Detection checks both binary availability (which <tool>) and config directory existence, so it finds tools even if they're not on PATH.
src/utils/error-patterns.ts scans server logs with regex patterns for 10+ languages:
- JavaScript / Node.js —
Error:,ERR_, unhandled rejections, stack traces - Python —
Traceback,File:line, exception classes - Ruby / Rails —
ActionControllererrors,FATAL--prefix - Go —
panic:, goroutine stacks,runtime error: - Java / Kotlin —
Exception in thread,Caused by:,atstack frames - Rust —
thread panicked,error[E***]compiler errors - PHP —
Parse error,Fatal error,Warning - C# / .NET —
Unhandled exception,:line N - Elixir / Phoenix —
** (EXIT), runtime errors - Generic —
FATAL,CRITICAL,Segmentation fault,out of memory
Adding support for a new language is one entry in the PATTERNS array.
src/
├── cli.ts # Commander.js command registration
├── commands/
│ ├── install.ts # Tool detection + skill installation
│ ├── start.ts # Session init: server, browser, recording
│ ├── stop.ts # Cleanup: trim, errors, artifacts
│ ├── exec.ts # Action logging + agent-browser passthrough
│ ├── diff.ts # Visual regression (screenshot comparison)

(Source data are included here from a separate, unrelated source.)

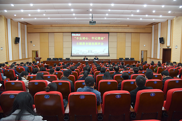评估以召开随机测评会和座谈会、开展个别访谈的方式进行。随机测评会由校党委书记满昌学主持。自治区党委“不忘初心、牢记使命”主题教育第八巡回指导组副组长邓丽兴出席并作填表说明。巡回指导组成员陈国华、杨新旺一同参加。部分校领导、中层干部、基层党支部书记、教师学生党员代表、群众代表等150人参与测评。各参测人员通过认真填写主题教育工作测评表的方式,对学校开展主题教育的总体情况,党员领导干部学习贯彻习近平新时代中国特色社会主义思想情况,讲专题党课,担当作为,转变作风,力戒形式主义、官僚主义情况,解决群众反映强烈问题情况,开展专项整治情况等进行了客观评价,并对学校主题教育提出意见建议。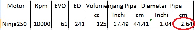 rumus diameter pipa knalpot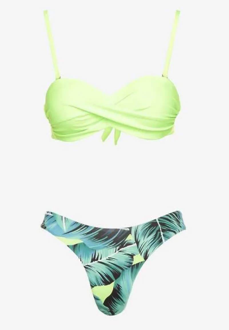 Zielone Bikini 3-częściowe Biustonosz z Wiązaniem Majtki Figi i Bokserki Vinalle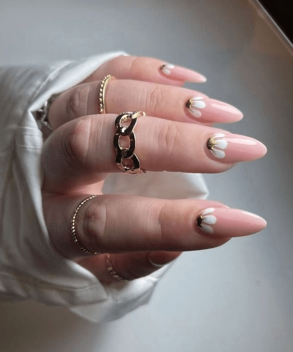 Elegant and refined, these almond-shaped gel nails feature a pale pink base decorated with delicate botanical designs in contrasting hues. Perfect for special gatherings or a sophisticated baddie birthday look, this manicure reflects Pisces’ connection to subtle beauty and signs simple aesthetics.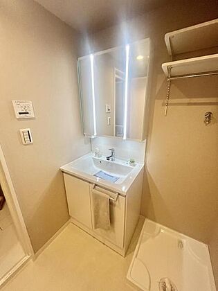 ワイドで使いやすい洗面化粧台。3面鏡裏は収納になっております
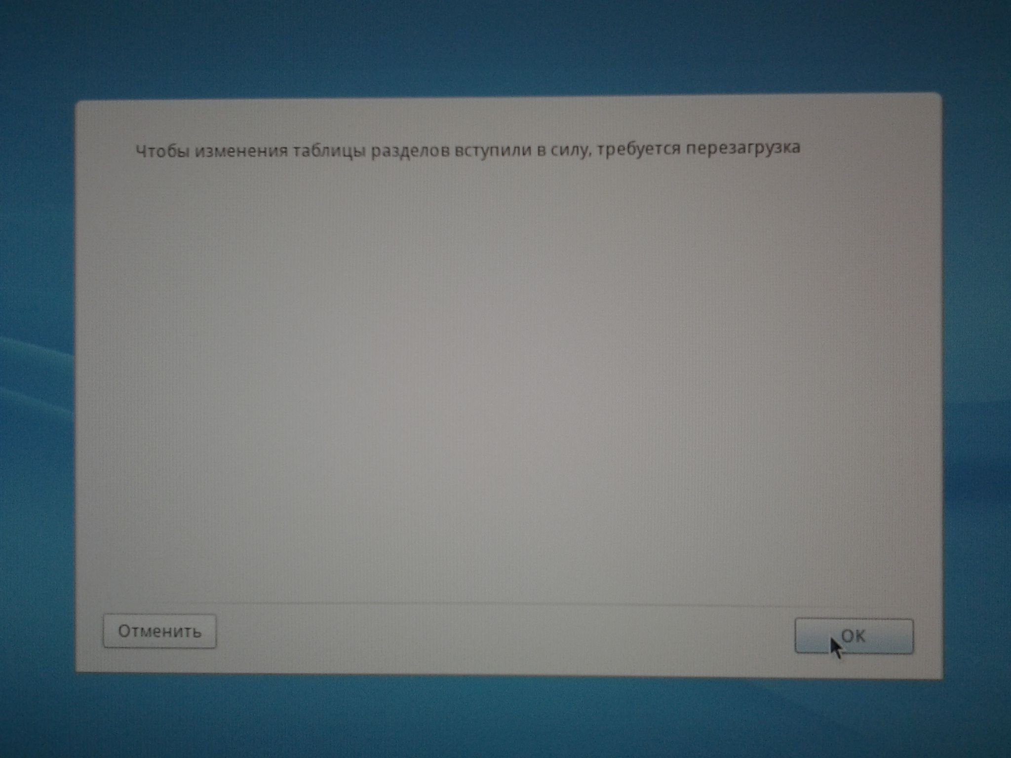 Я выбираю «Очистить и использовать весь диск», после чего получаю извещение, что требуется перезагрузка:

│ ├── pr.ts # GitHub PR description formatting
│ └── clean.ts # Artifact directory removal
├── browser/
│ ├── session.ts # Browser open/close, console collection
│ ├── capture.ts # Recording start/stop, screenshots, diffs
│ ├── navigate.ts # URL navigation, snapshot
│ └── interact.ts # Click, fill, type, scroll, press
├── server/
│ └── start.ts # Dev server spawn + port waiting
├── session/
│ └── state.ts # .session.json read/write/clear
├── artifacts/
│ ├── viewer.ts # Interactive HTML viewer generation
│ ├── summary.ts # Markdown summary generation
│ ├── pr-format.ts # PR description formatting
│ └── bundle.ts # Artifact bundling
└── utils/
├── config.ts # Config file search + merge
├── exec.ts # ab() and exec() shell wrappers
├── error-patterns.ts # Multi-language regex patterns
├── port.ts # isPortOpen, waitForPort
└── skills.ts # Skill file bundling
ESM-only with .js extensions. All imports use explicit .js extensions (import { ab } from '../utils/exec.js'). This ensures files resolve correctly after TypeScript compilation without relying on module resolution heuristics.
tsup with two entry points. The CLI binary (bin/proofshot.ts) builds to a single file with a shebang. The library entry (src/index.ts) builds with code splitting and .d.ts generation. This supports both CLI usage and programmatic import by other tools.
Minimal dependencies. Only three production dependencies: commander (CLI framework), chalk (terminal colors), detect-port (port checking). agent-browser is an optional peer dependency. This keeps the install fast and the supply chain small.
Session state in the output directory. .session.json lives alongside artifacts, not in a global location. This allows parallel sessions in different projects and ensures proofshot clean removes everything.
Config file walk-up. proofshot.config.json is searched from cwd upward to filesystem root, supporting monorepo layouts where config lives at the repo root.
Graceful degradation everywhere. Missing ffmpeg skips video trimming. Failed element data capture skips overlays. Browser already closed gets a silent catch. Console errors unavailable shows "0 errors". Non-critical failures never abort a session.